能力者達に囲まれ、次々にダメージを与えられてキメラも弱りつつある事を知ったアンナはスキルを使用してキメラの防御力を低下させ、能力者達の武器を強化する。
そして前衛の能力者達は持てる力をすべてキメラへと叩きこみ、無事にキメラを退治する事が出来たのだった。
―― 帰還・小さな恋が実る時 ――
「一応応急処置はしましたけど、あくまで応急処置ですからきちんと病院で手当してもらってください」
結城が男性能力者に言葉を投げかけると「わかった。ありがとう」と言葉を返してきた。ちゃんと自分で歩けたこと、そしてちゃんと喋れる事から大事に至る事はないだろうと能力者達は考えていた。
「貴方がまた顔を出してくれるのを楽しみに待っている人がいるんです。さぁ、帰りましょう」
獅月の言葉に「え?」と男性能力者は間の抜けた声を返す。
「そういえば小耳に挟んだんだけど、花屋の店員がお前を心配してるとか。会いに行ってやれば?」
宵藍の言葉に男性能力者は「え、あ、そ、その‥‥」と明らかな動揺を見せる。
「貴方が逃がした人たちも凄く心配していました。早く元気になって姿を見せて上げてくださいね」
バーシャの言葉に「分かった」と男性能力者は言葉を返してくる。
「‥‥‥‥」
アンナは無言のまま男性能力者の傷を指差す。おそらく『早く病院に連れて行った方がいい』という意味なのだろう。

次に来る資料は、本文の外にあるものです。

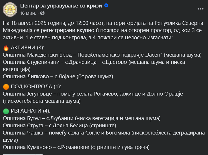 На 18 август 2025 година, до 12:00 часот, на територијата на Република Северна Македонија се регистрирани вкупно 8 пожари на отворен простор, од кои 3 се активни, 1 е ставен под контрола, а 4 пожари се целосно изгаснати:

その後、能力者達は高速艇に乗って本部へと帰還し、LHにある病院まで男性能力者を連れて行き、キメラ退治と救助成功の報告をしに向かったのだった。
後日、ふらりと花屋へ赴いた緑間が見たのは明らかに両想いであろう男性能力者と花屋の女性店員の姿。
「あれか、今日の占いにあった『馬に蹴られないように注意』というのは‥‥」
そう呟く緑間に2人が気づく事はなかったのだった。